REQUIRED WORK
Please copy only the material from the line that has "中国民航大学不是985大学,也不是211" to the very last line, both ends included, exactly as written and without pictures.

[[ COLLECTED MATERIAL open ]]

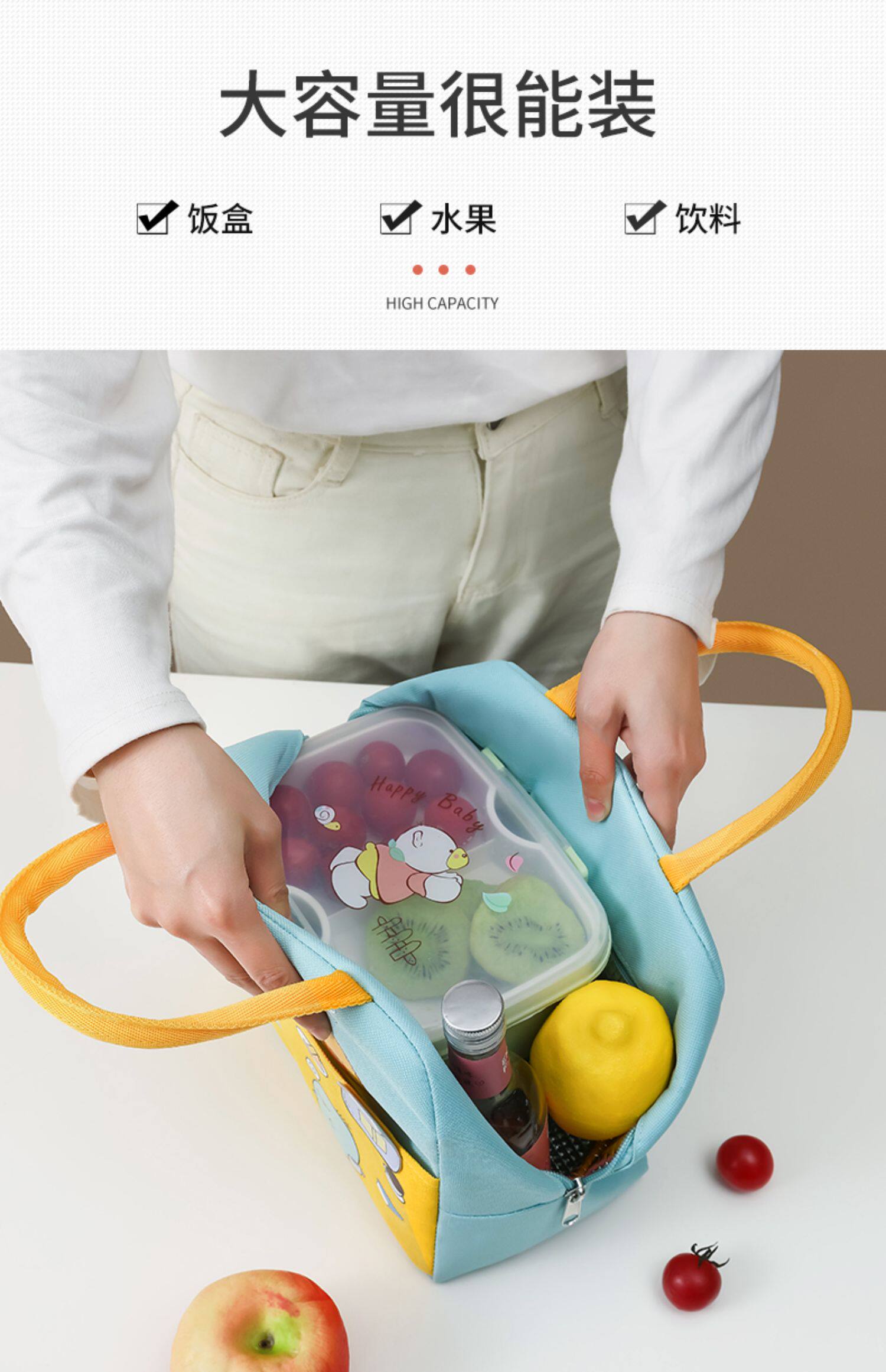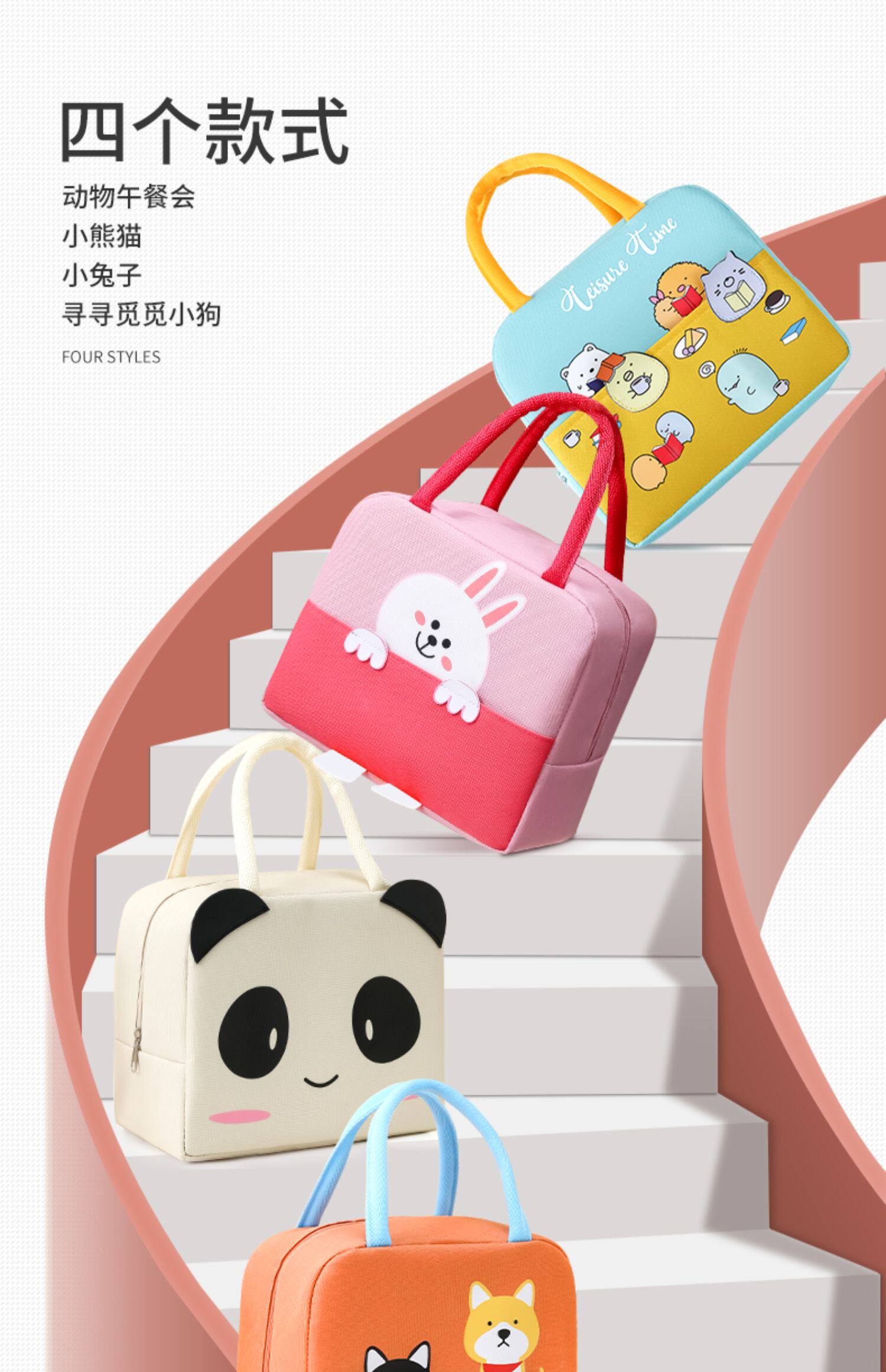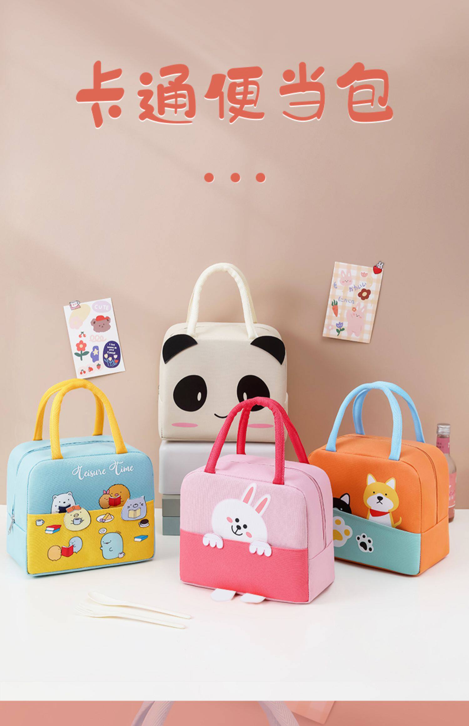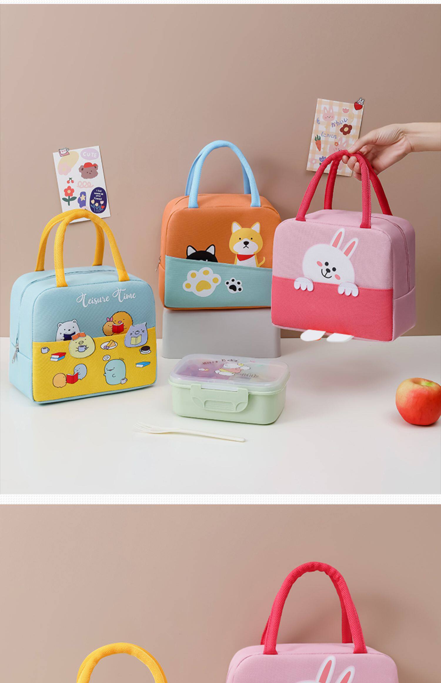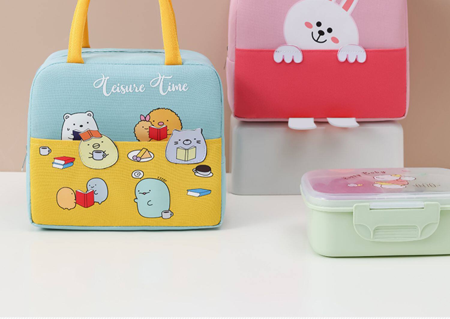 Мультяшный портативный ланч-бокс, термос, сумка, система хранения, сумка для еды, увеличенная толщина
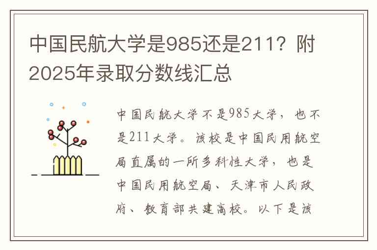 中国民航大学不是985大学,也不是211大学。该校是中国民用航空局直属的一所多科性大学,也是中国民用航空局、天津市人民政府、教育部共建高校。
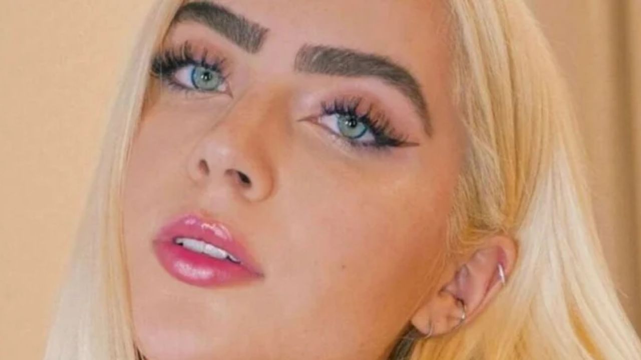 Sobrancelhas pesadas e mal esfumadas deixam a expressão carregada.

[[ COLLECTED MATERIAL closed ]]

PROBLEM SOLUTION
 中国民航大学不是985大学,也不是211大学。该校是中国民用航空局直属的一所多科性大学,也是中国民用航空局、天津市人民政府、教育部共建高校。
 Sobrancelhas pesadas e mal esfumadas deixam a expressão carregada.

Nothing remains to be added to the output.